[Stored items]
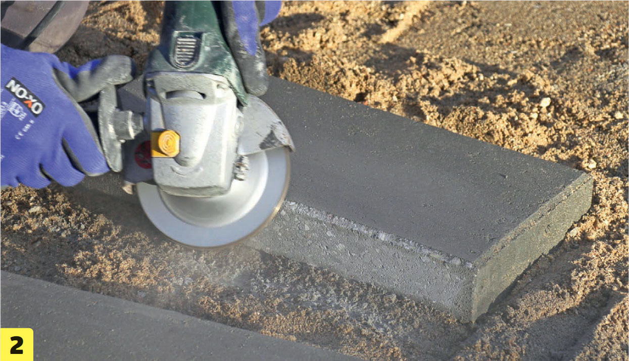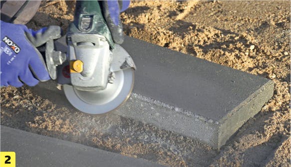 Du måste också använda en diamantkapskiva för betongplattor. Till sist slipas den vassa kanten på snittytan till med en diamantslipkopp.
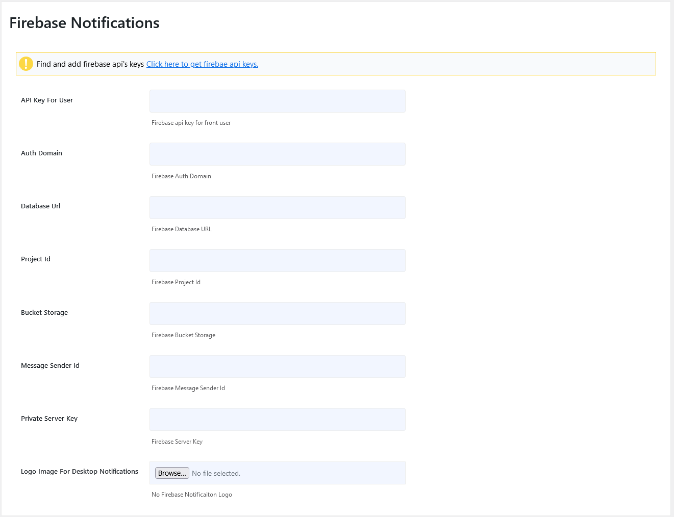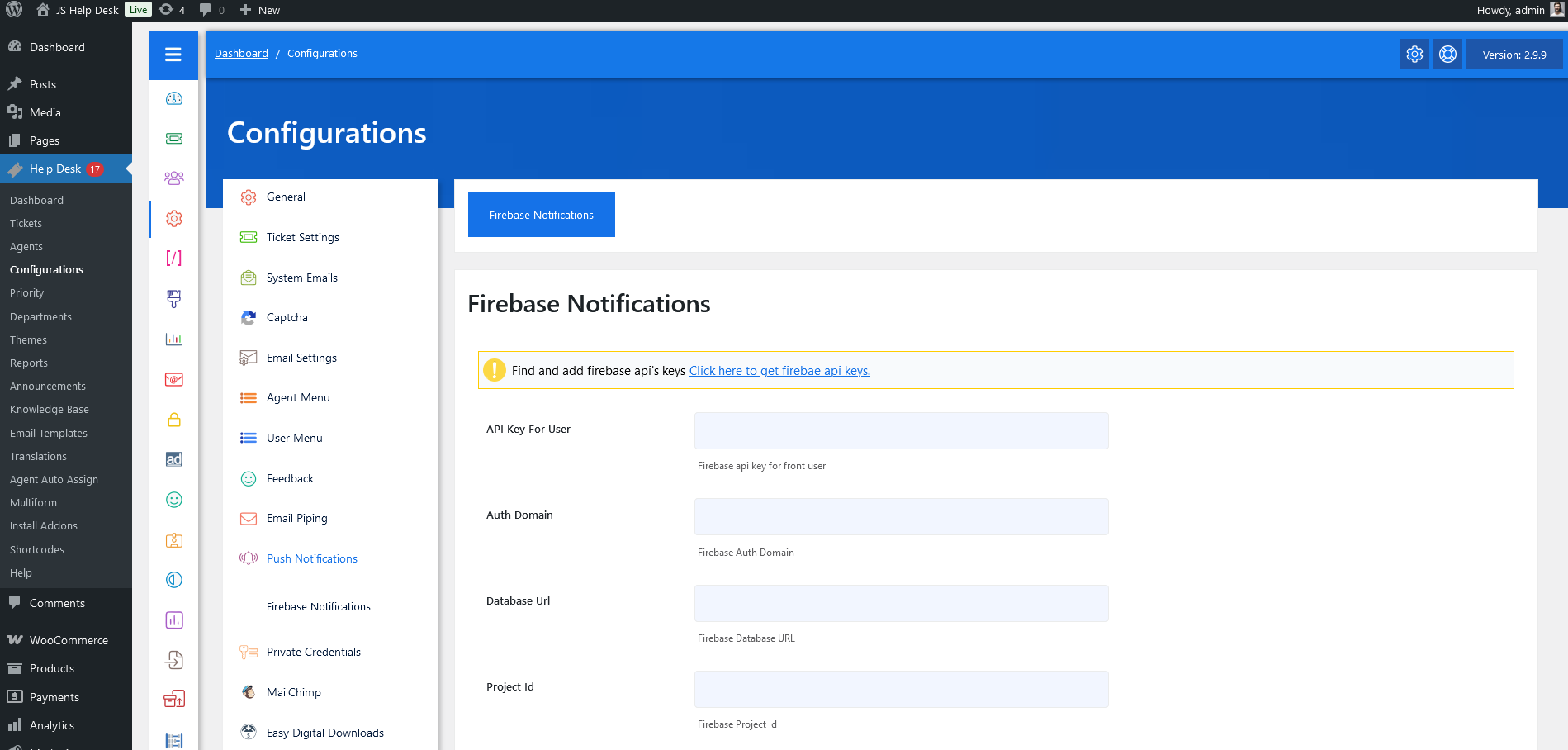 As an administrator, navigate to theĀ Admin Dashboard > Dashboard Menu > Configurations > Push Notifications. On the configurations page, you will find various configurations that the admin can use to manage the JS Help Desk push notifications.
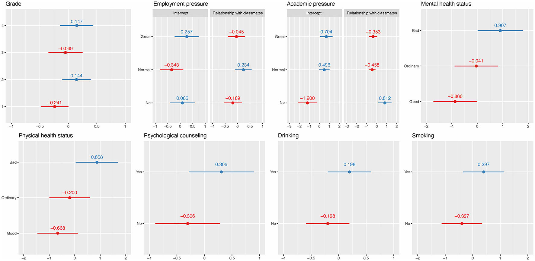 Special attention should be paid to the four statistical methods we utilized in association analysis. Except for the usual models of multiple linear regression and binary logistic regression, two mixed effect models were adopted such as linear mixed model and logistic random effect model. All these models are variations of the generalized linear mixed model (Bolker et al., 2009; Stroup, 2013). The mixed model is also known as the hierarchical model and contains both fixed and random effects. The random effects model represents the variability between different conditions or blocks, and they are incorporated into the model to account for the correlation between observations. In the present study, the four regression models were conducted with standard diagnostics, ensuring more accurate parameters and p-values. Various studies have utilized regression models to identify risk factors associated with poor sleep quality, but few strictly performed regression diagnostics, which can potentially result in biased results.
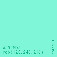 Цвет #80F6D8 в цветовой модели RGB обозначается тремя октетами (128, 246, 216) в десятичном формате и #80F6D8 в шестнадцатиричном (hex) формате, которые являются интенсивностью красного 128 (hex 80), интенсивность зелёного 246 (hex F6) и интенсивность синего 216 (hex D8).
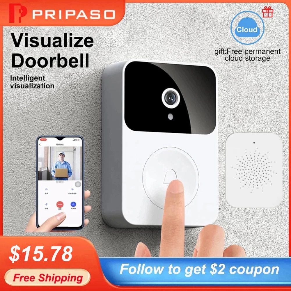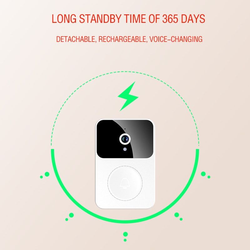 HD Wireless Door Bell Rechargeable Home Surveillance Visual Door Camera Video Wifi Intercom Remote Control Night Vision DoorbellProduct Features:1、Built-in battery 850 N( Long Time Standby up to 365 days)2、Built-in melodies, 38 Melodies for your options adjustable volume3、Voice Change Function(man voice at home children and women get safer when alone )4、High Definition night vision infrared night vision function. auto switch day/night.5、Live Video Call talk(Visitors at once when visitor presses doorbell, notification will sent to your cellphone, you can answer it and enter video call interface.supports maximum share to 10 family members.)Product Parameter:Color:WhiteMaterial: ABS material, PCBA, polymer battery, speaker, camera, hardwareBattery capacity: 800mAPower input: 5V=2ACharging time: 1.5 hoursStandby time: 2 years or moreRecord keeping: Three days of permanent rolling storage, 3 days unlimitedIntercom type: Colour videoCamera resolution 480*640Doorbell size L*W*H: 80*53*22Dingtone size L*W*H: 55*42*25, (including USB: 12mm height)Net weight of doorphone: 65.7gNet weight of the ding-dong: 23.3g Gross weight : 134.8gPackage size: 100*35*145 mmPackage include:*Doorbell unit ?x1 pcs*Indoor ding-dong unit ?x1 pcs*Charging cable x1 pcs*Auxiliary sticker x1 pcs*Small screws x3 pcs*Manual instruction x1 pcsNote:Below is our update version description:Package?Included:1?x?WIFI?Doorbell2?x?18650 Battery4?x?Screws4?x?Installing?Accessories1?x?Wrench1?x?Sticker1?x?User?ManualWarm Tips:*This wireless doorbell camera can only connect to a 2.4GHz network, not a 5GHz network.*Keep the doorbell in the range of the router. Thick or insulated doors will reduce the wifi signal strength even if your router is nearby.*When entering the product password, please check whether the password is correct, otherwise the device cannot connect to wifi and cannot be used normally.*Please full charge the batteries for 5 hours before . Low power may influence the function of the video doorbell.*There is an insulating sheet on the battery cover of the doorbell. Please remove it before using it. Otherwise, there will be no power to wake up the camera.*The video doorbell can only be connected to the APP of one electronic device. If you want to use the doorbell on multiple devices at the same time, you need to both have separate accounts then just add friends to achieve it.*If the message is not pushed, please check whether the notification permission of the mobile phone and the software are turned on.Specification:Resolution:?1920*1080Field?of?Angle?View:?135°IR?LED:?6*850mmWi-Fi:?IEEE?802?11?b/g/nAudio:?Two-way?talk?with?noise?cancellationRecording:?Device?SD?card?recording(20?seconds)Storage:?8G/16G/32G/64GBattery:?AC?Input/2?x?18650?specification?batteries(?work?regularly?for?9-10?months.)?Monitoring:?Device?Button,?Motion?Detection,?Remote?Live?ViewNotification?Function:?Push?Notifications?within?1?secondDevice?Wakeup:?Within?600?msPower?Consumption:?Power?Consumption?Standby?200μA,?Working?170mAThe?product?contains?User?Manual.?Please?READ?THE?USER?MANUAL?when?installing.ONLY?Support?2.4Ghz?Network,DO?NOT?Support?5Ghz.Features:Support?WiFiMovement?detecting.?Intrusion?alarm?systupport?APP?Function,?it?can?be?applied?for?Android and IOS syst.?Support?real-time?video?and?audio?chat?with?visitorSupport?picture?snapping?and?video?recording?functionSupport?night?vision?and?built-in?IR CUT?technology,?available?day?and?nightProduct Details:Fashion?design,100%?Brand?New,?high?quality!This?wifi?doorbell?can?connect?home?WiFi?and?achieve?a?two-way?intercom?between?the?doorbell?and?cell?phone.?When?a?visitor?presses?the?doorbell?sound?is?activated?and?the?camera?will?start?sending?real-time?images?and?call?to?the?cell?phone.?The?user?will?receive?the?call?to?check?who?the?visitor?is,?and?then?intercoms?with?the?visitor.
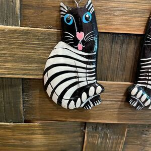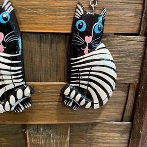 Wood Cat Black and White Heart Nose 1980’s Earrings
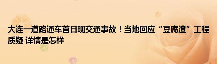【大连一道路通车首日现交通事故!当地回应“豆腐渣”工程质疑】大家可以一起来了解一下这是什么情况!
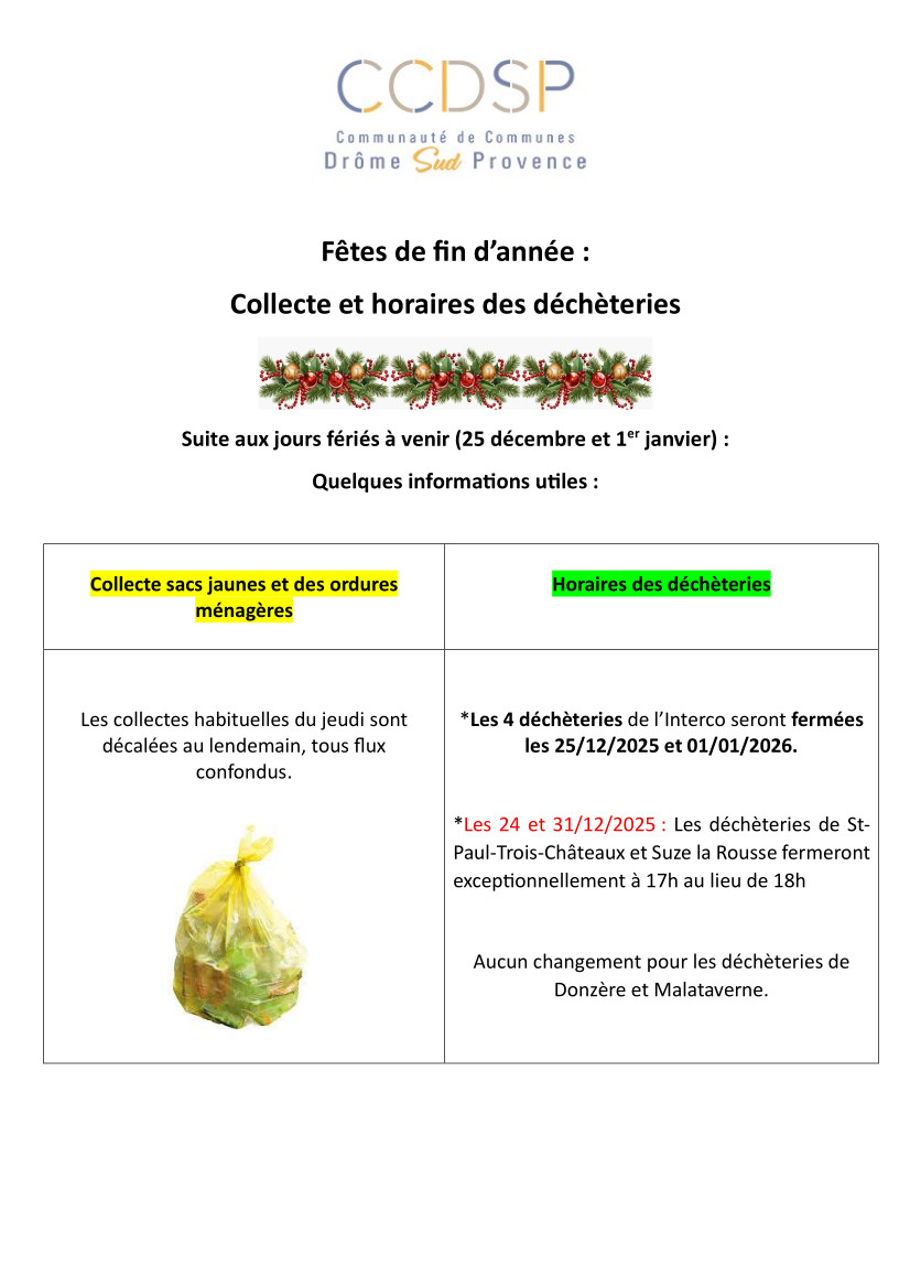 Vous êtes ici : Accueil > Décalage des collectes pendant les jours fériés fête de fin d'année
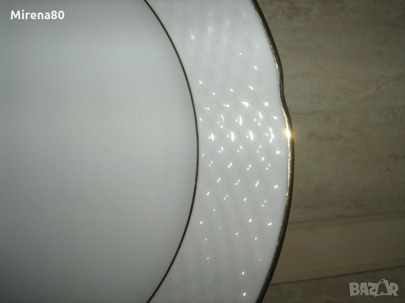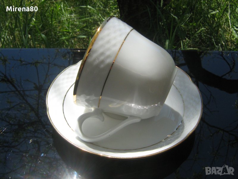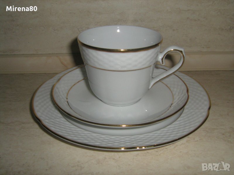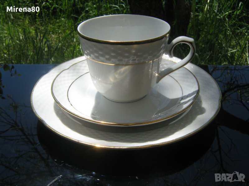 Троен порцеланов сет - чаша (ф 8.5 см, вс. 7 см), подложна чинийка (ф 15 см) + десертна чиния (ф 19.5 см). Нови, неизползвани, светят :)) Фабриката няма нужда от реклама, маркирани са за произход. Порцеланът е снежнобял, фин и изящен - прозира на светлина, с богат релеф и позлата. Класика и елегантност - сетът е едно малко произведение на изкуството.
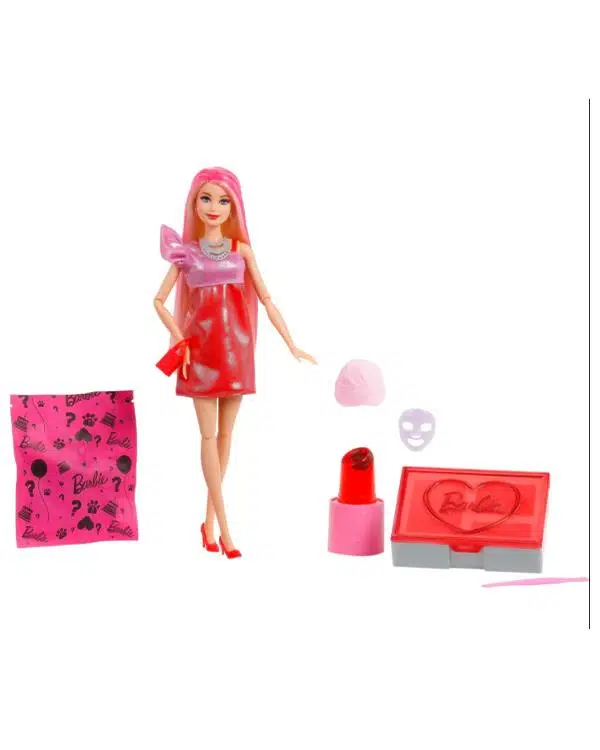 Hediye kutusundan ilham alan şık ambalajında gelen bu özel Barbie seti, 10 heyecan verici sürpriz içerir. Kutuyu açtığınızda sizi ilk olarak partiye hazır, şık Barbie bebek karşılar. Ardından fırçayı suya batırarak gizli bölümleri açın, aksesuarları ortaya çıkarın ve ruj şeklindeki kavanozdaki slime’ı sıkarak sevimli evcil hayvanı keşfedin!
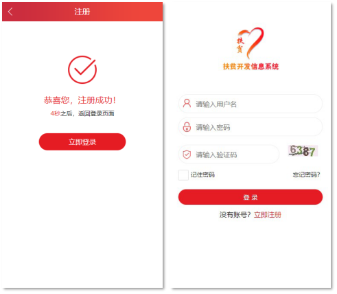1、注册与登录 启动APP → 点击“立即注册” → 选择“我是贫困户” → 输入本人姓名+身份证号(系统自动对接全国防返贫监测信息系统校验)→ 填写手机号+短信验证码+设置密码 → 注册成功,即刻登录。
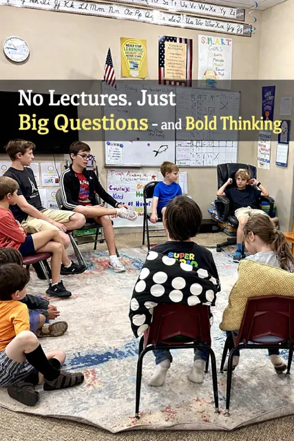Deep Socratic discussions about heroes, history and self governance to hone critical thinking skills and the ability to powerfully think, write and speak.
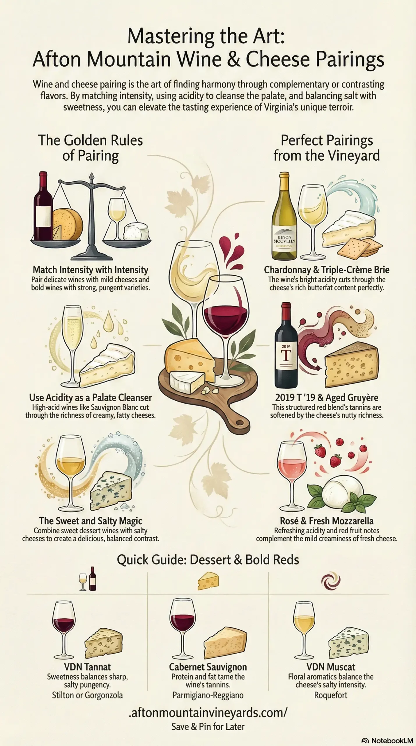The art of pairing wine and cheese is ultimately about experimentation and enjoyment. While these guidelines provide a helpful starting point, your palate is the final judge. Visit Afton Mountain Vineyard’s tasting room to explore these wines firsthand, and don’t hesitate to ask for pairing suggestions.
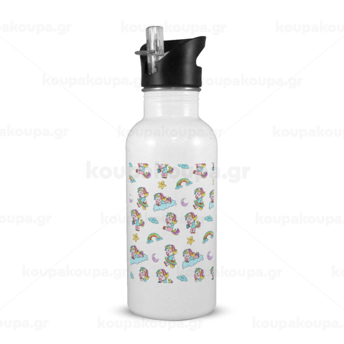 Unicorn pattern, White water bottle with straw, stainless steel 600ml

### [Task description]
Taking the records above, print only and exactly the lines from the line with "As an administrator, navigate" to the line with "Цвет #80F6D8 в", both kept, and exclude pictures.

### [Finished exercise]
 As an administrator, navigate to theĀ Admin Dashboard > Dashboard Menu > Configurations > Push Notifications. On the configurations page, you will find various configurations that the admin can use to manage the JS Help Desk push notifications.
 Special attention should be paid to the four statistical methods we utilized in association analysis. Except for the usual models of multiple linear regression and binary logistic regression, two mixed effect models were adopted such as linear mixed model and logistic random effect model. All these models are variations of the generalized linear mixed model (Bolker et al., 2009; Stroup, 2013). The mixed model is also known as the hierarchical model and contains both fixed and random effects. The random effects model represents the variability between different conditions or blocks, and they are incorporated into the model to account for the correlation between observations. In the present study, the four regression models were conducted with standard diagnostics, ensuring more accurate parameters and p-values. Various studies have utilized regression models to identify risk factors associated with poor sleep quality, but few strictly performed regression diagnostics, which can potentially result in biased results.
 Цвет #80F6D8 в цветовой модели RGB обозначается тремя октетами (128, 246, 216) в десятичном формате и #80F6D8 в шестнадцатиричном (hex) формате, которые являются интенсивностью красного 128 (hex 80), интенсивность зелёного 246 (hex F6) и интенсивность синего 216 (hex D8).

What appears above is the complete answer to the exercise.